Wait, what’s that? Captain Cold has a sister? WTF!
Solid performances from series lead characters Grant Gustin, Candice Patton, Tom Cavanaugh (who gives stellar performances week after week as Doctor Harrison Wells), and Jessie L. Martin. In addition, Dominic Purcell’s Heat Wave was menacing and fierce and immensely more watchable and even likable than Wentworth Miller’s Captain Cold.
The humor of the show stays on pace here, with good quips coming from all sides that serve several functions, from releasing stress in tense situations to explaining more complicated scientific principles.
There was good tension in between certain characters. A great, albeit all-to-brief scene between Dr. Wells and Detective West exemplifies this, with other honors going to the tensions between Iris and Barry in their newly weird friendship and Eddie Thawn and The Flash, though that one is only implied.

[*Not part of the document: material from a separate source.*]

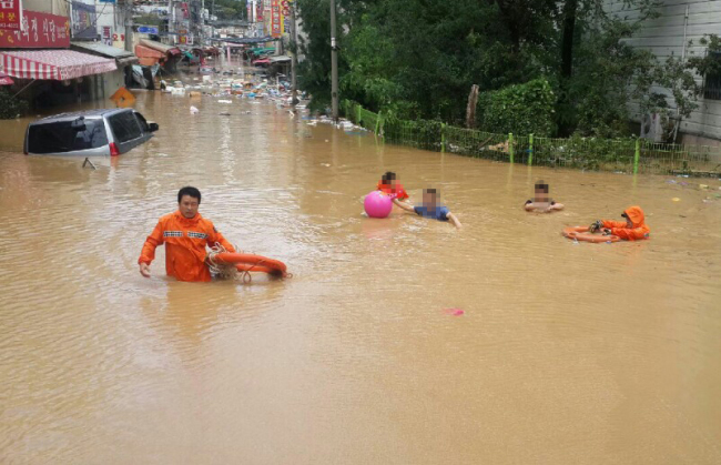 angin disertai luapan air laut yang membanjiri wilayah selatan Korea Selatan
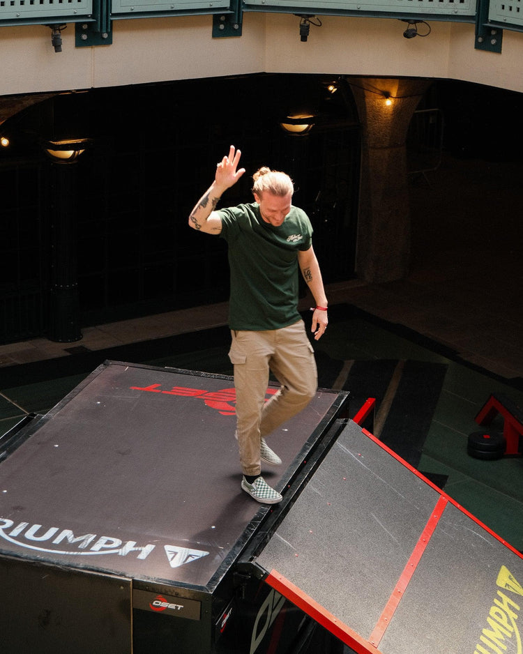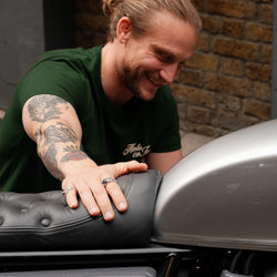 Model wearing our green BSMC Logo Shoreditch Motorcycle T-Shirt

A worn out plot and conflict line made the episode really very predictable.
The show is still struggling to define itself amidst darker DC Television shows Arrow, Gotham and Constantine.
At this point in the season I’m gonna call the writers out on not developing Cisco’s character more and that can even extend to Caitlin as well, though we have seen a bit more of her characters arc.

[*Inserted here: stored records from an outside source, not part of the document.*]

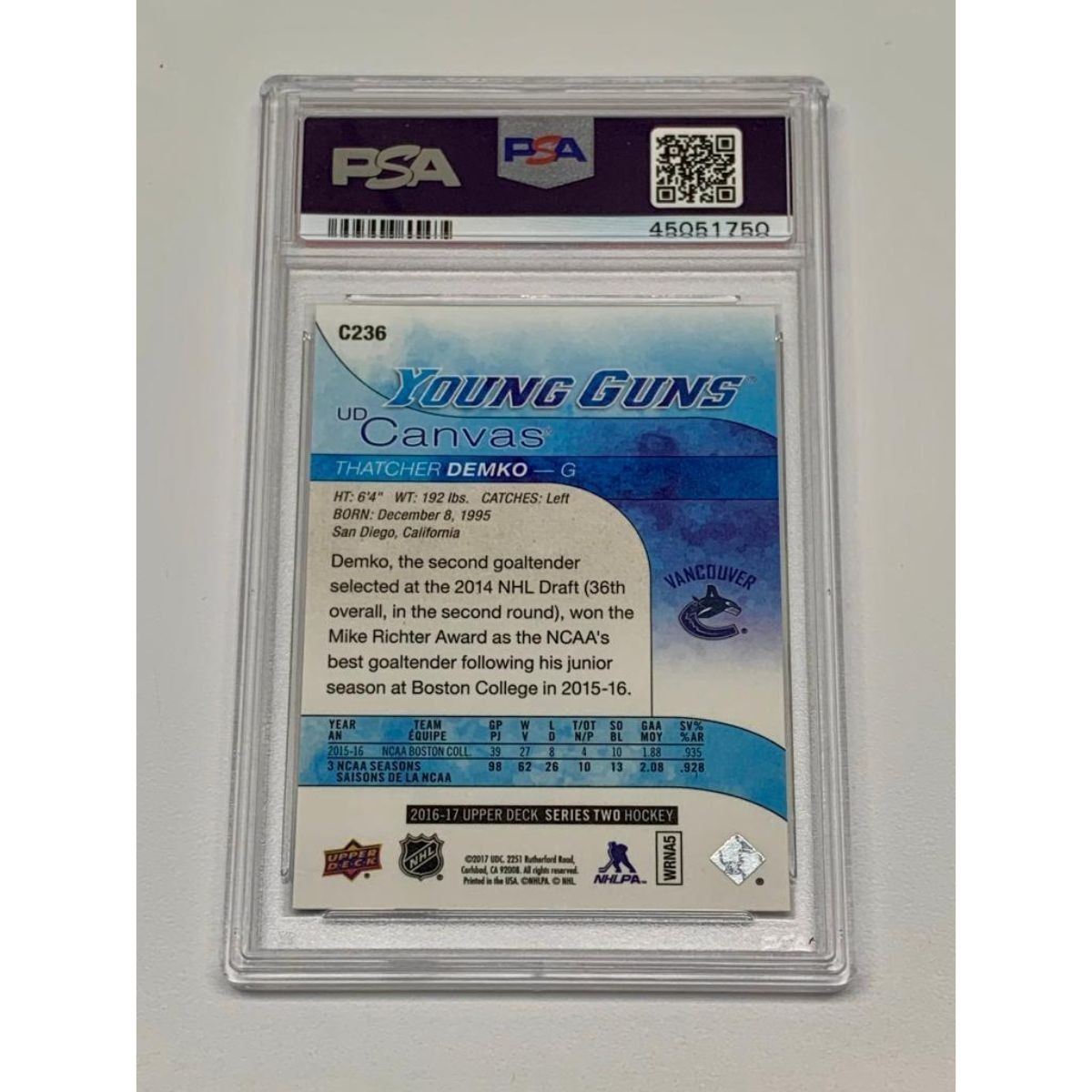 2016 Upper Deck Young Guns Canvas #C236 Thatcher Demko 10 - GEM MT. Please view photos for further details.Â
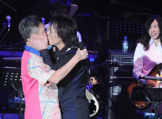 陳升(左)和伍佰男男吻。(臺(tái)媒圖)
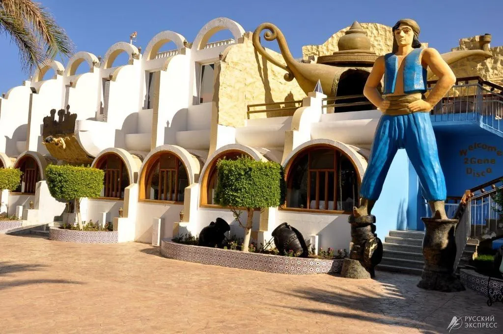 Отель Aladdin Beach Resort, 4* открыт в 1995 году и состоит из 2-х двухэтажных корпусов, комплекса одноэтажных бунгало и здания ресепшн. Всего 439 номера. Отель прежде всего ориентирован на семейный отдых с детьми. Aladdin Beach Resort, 4* является частью комплекса из трех отелей (Ali Baba, Aladdin и Jasmin). Гостям отеля разрешено пользоваться аквапарком, пляжем и бассейнами отеля Ali Baba Palace 4* (рядом стоящий). Расстояние от аэропорта Хургады — 8 км, от центра города — 15 км. Отель расположен на берегу моря.
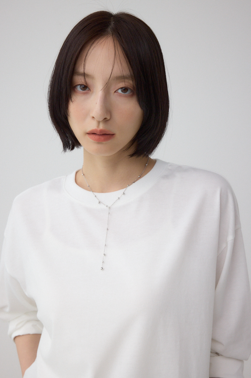 ニットとのレイヤードは勿論1枚でもサマになるヘムデザインとバックディテールデザインのトップスです。
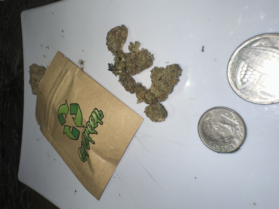 In Lugbe, Nigeria, a still-life image displays a collection of objects arranged on a white, flat surface, possibly a ceramic plate or tray. The primary subject is a quantity of dried, green and brown plant matter, consistent with cannabis buds, scattered across the right and central portions of the surface. A small, crumpled, light-brown paper pouch, approximately 7-8 cm in length, is situated in the upper-left, partially open. This pouch features a green recycling symbol and the word "Evergreen" printed in green script. Below the plant matter, two coins are visible. On the lower-left, a U.S. dime (10-cent coin) shows the profile of President Franklin D. Roosevelt and the year "2018." To its right, a second coin, partially cropped at the bottom, appears to be an Australian 20-cent coin, with a visible patterned surface on the reverse side. The background is dark and out of focus. No people are present, and no active actions or interactions are depicted. Small specks of debris and faint scratches are visible on the white surface.

I’m pretty sure using Heat Wave’s heat gun to heat things up to their Planck Temperatures would, like, incinerate the Earth. Or just really, really, really, really fuck up the surrounding environment. Just to give you an example, the Planck Temperature- what’s known as absolute hot- comes in at roughly 1.416785(71)×1032 Kelvin. A hot summers day clocks in at just 308 Kelvin. Yeah…that might damage some other things around it.
If we have another Flash/Arrow crossover, can we get a scene between Firestorm and Arrow? Just to see two cousins fighting on screen. (Yes, Stephen Amell aka Oliver Queen aka Arrow is the older cousin of Robbie Amell aka Ronnie Raymond aka Firestorm)
Have you guys seen that stupid Nissan Altima commercial? All those well to do people in the downtown district being amazed by a damn Altima? It’s like “Oh wow, look everybody- an average American car!” The chick at the end gets out of her car like “Yup, check out my over-prized mid-sized Sedan. I’m ballin’ bitches!”